- EXERCISE DESCRIPTION -
With the pictures omitted, repeat exactly the lines below starting with the line that has "Inverted Ginko 5" and going on through the line that has "A growth mindset: cutting".

- STORED DATA -
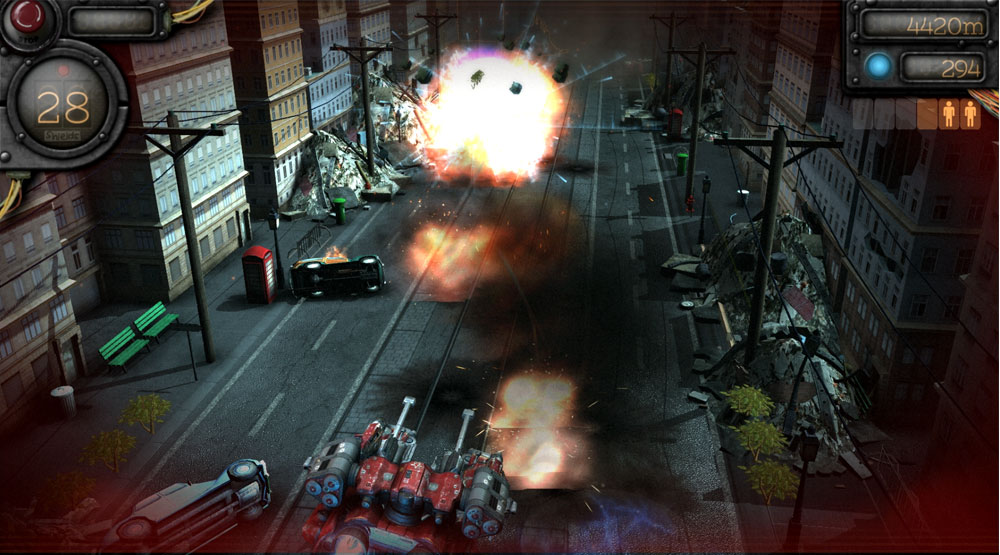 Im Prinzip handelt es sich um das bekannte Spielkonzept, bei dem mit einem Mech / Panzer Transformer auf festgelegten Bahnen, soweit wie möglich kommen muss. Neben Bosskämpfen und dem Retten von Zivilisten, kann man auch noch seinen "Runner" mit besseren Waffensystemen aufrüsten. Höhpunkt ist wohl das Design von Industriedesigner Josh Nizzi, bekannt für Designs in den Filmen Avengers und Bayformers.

--

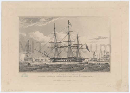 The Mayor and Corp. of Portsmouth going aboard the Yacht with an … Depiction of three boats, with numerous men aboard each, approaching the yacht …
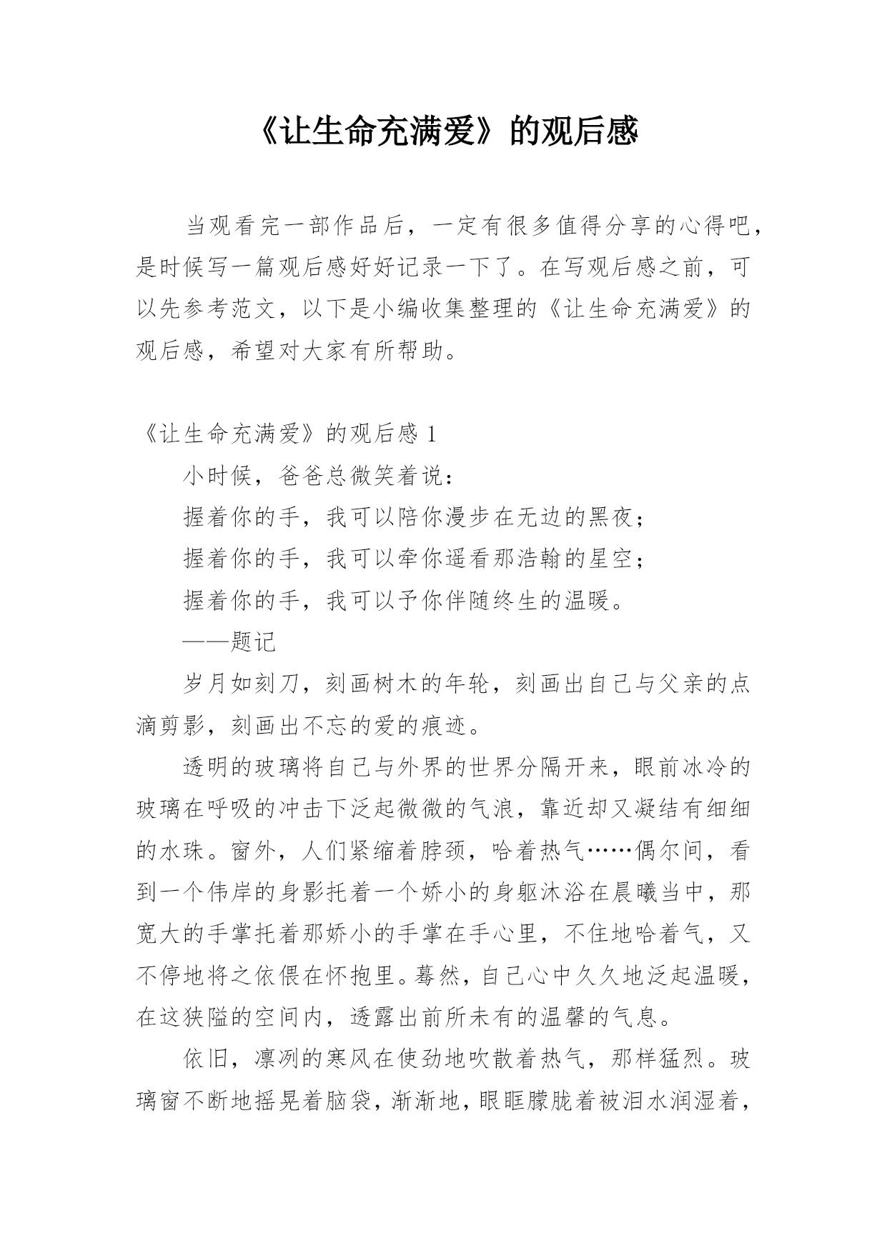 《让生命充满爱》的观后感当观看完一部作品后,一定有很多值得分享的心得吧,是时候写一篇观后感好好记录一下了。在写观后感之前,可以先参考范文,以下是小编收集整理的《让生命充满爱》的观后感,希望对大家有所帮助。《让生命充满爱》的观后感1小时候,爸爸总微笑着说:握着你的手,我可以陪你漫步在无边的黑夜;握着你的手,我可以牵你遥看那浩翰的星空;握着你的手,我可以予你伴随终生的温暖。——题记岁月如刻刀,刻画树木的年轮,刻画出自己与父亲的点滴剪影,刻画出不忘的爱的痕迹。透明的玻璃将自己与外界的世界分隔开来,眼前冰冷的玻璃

---

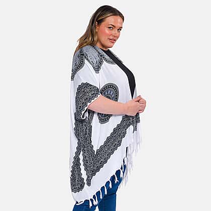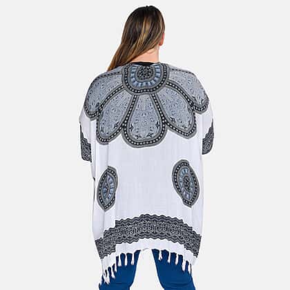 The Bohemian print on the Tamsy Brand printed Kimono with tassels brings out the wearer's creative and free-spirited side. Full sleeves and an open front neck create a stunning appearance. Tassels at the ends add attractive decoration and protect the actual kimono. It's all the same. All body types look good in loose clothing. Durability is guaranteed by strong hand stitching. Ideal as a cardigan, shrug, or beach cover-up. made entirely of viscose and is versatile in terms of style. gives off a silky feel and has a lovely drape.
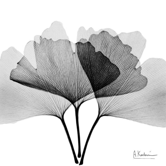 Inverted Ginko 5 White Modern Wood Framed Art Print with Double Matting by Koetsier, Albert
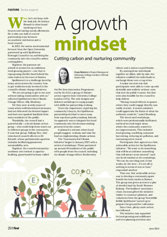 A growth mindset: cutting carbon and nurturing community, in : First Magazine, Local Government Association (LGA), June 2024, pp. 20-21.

- EXERCISE OUTPUT -
 Inverted Ginko 5 White Modern Wood Framed Art Print with Double Matting by Koetsier, Albert
 A growth mindset: cutting carbon and nurturing community, in : First Magazine, Local Government Association (LGA), June 2024, pp. 20-21.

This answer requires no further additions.